RECORD SET |
□ □ □ □ □
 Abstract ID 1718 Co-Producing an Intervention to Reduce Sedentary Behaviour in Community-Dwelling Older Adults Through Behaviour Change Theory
□ □ □ □ □
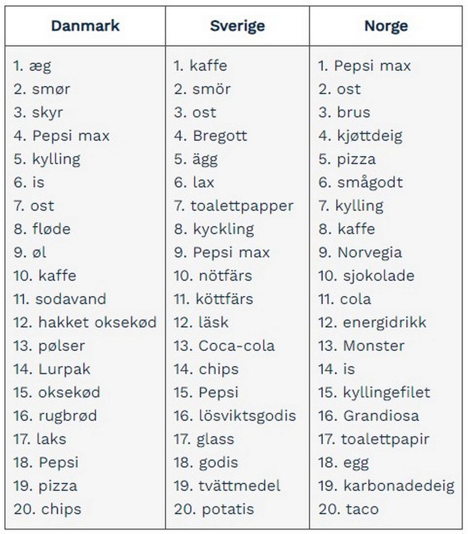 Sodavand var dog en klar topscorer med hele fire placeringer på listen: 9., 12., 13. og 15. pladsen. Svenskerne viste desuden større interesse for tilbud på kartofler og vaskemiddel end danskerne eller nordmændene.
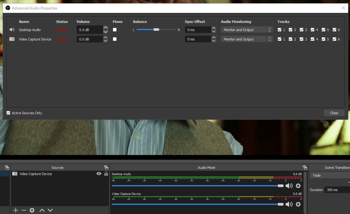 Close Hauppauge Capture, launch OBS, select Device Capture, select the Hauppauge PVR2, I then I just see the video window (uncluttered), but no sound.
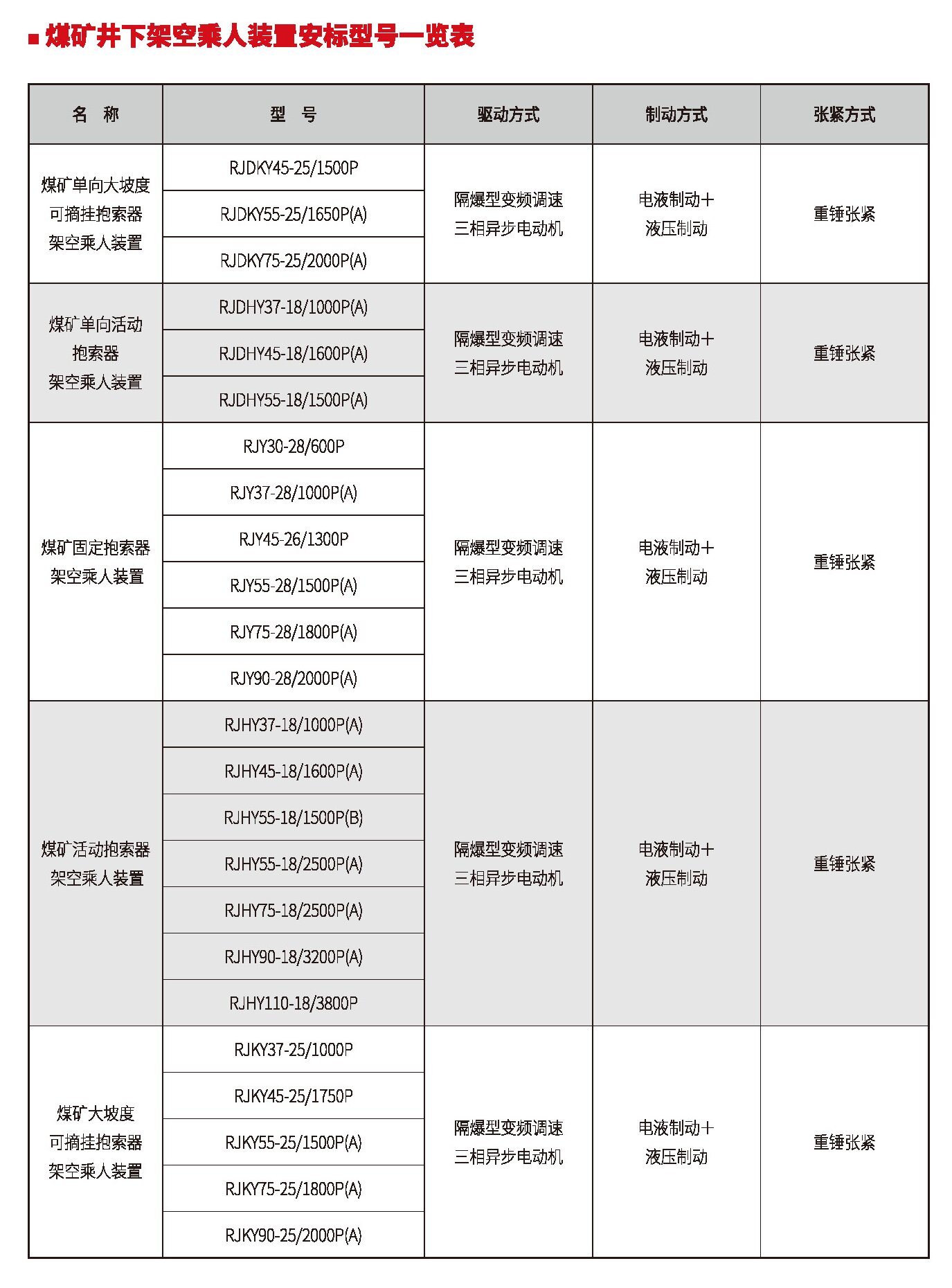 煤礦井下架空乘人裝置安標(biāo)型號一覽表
□ □ □ □ □
WORK INSTRUCTION | Transcribe, word for word, the lines of the listing above from the one that contains "Sodavand var dog" through the one that contains "煤礦井下架空乘人裝置安標(biāo)型號一覽表", keeping both ends and dropping the pictures.

ANSWER SPACE |
 Sodavand var dog en klar topscorer med hele fire placeringer på listen: 9., 12., 13. og 15. pladsen. Svenskerne viste desuden større interesse for tilbud på kartofler og vaskemiddel end danskerne eller nordmændene.
 Close Hauppauge Capture, launch OBS, select Device Capture, select the Hauppauge PVR2, I then I just see the video window (uncluttered), but no sound.
 煤礦井下架空乘人裝置安標(biāo)型號一覽表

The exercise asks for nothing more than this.